Poland: Central Bank stands pat in November
At its 7–8 November meeting, the National Bank of Poland (NBP) kept the key reference rate unchanged at 5.75%. The NBP also left all of its other rates unchanged, keeping the Lombard rate at 6.25%, the discount rate at 5.85%, the rediscount rate at 5.80% and the deposit rate at 5.25%.
The NBP decided to hold its course due to moderating inflation and weak economic activity. On the price front, lower commodity prices, easing supply chain disruptions, weaker domestic activity and previous interest rate increases continued to support a disinflationary trend: Inflation fell to 6.5% in October (September: 8.2%). Moreover, producer prices fell again in year-on-year terms in September. Looking ahead, the NBP considers that previous monetary policy tightening will translate into inflation moving within the Bank’s target of 2.5% plus or minus one percentage point in the medium term.
In its communiqué, the NBP reiterated its commitment to base upcoming decisions on incoming data on inflation and economic activity, while remaining ready to “take all necessary actions in order to ensure macroeconomic and financial stability,” including intervention in the foreign exchange market. Our panelists expect interest rates to decline next year amid falling inflation.
The next monetary policy decision will be taken on 5–6 December.
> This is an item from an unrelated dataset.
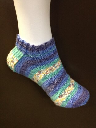 This is a knitting pattern for an short sock. It is knitted in the round with 4 ply sock yarn. The length of the foot can be altered to fit.
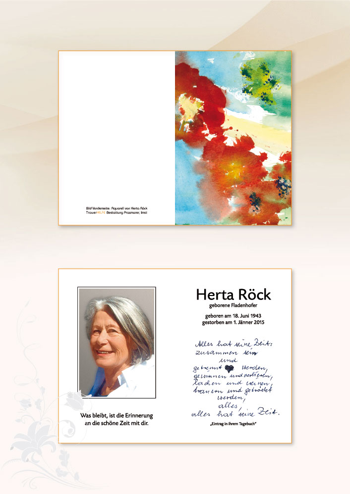 unser aufrichtiges Mitgefühl am so plötzlichen Tod deiner Frau Herta,

Rafal Benecki and Adam Antoniak, economists at ING, commented on the monetary policy outlook:
“Given the uncertainty surrounding regulated energy prices, the scale of shielding measures in this area, and the future of the zero VAT rate on food, the Council will most likely want to familiarise itself with the impact of the aforementioned factors at the beginning of the year and the subsequent course of the inflation path. We do not rule out that there may be one more rate cut in March, but in general, we assess that the space for further interest rate cuts is severely limited.”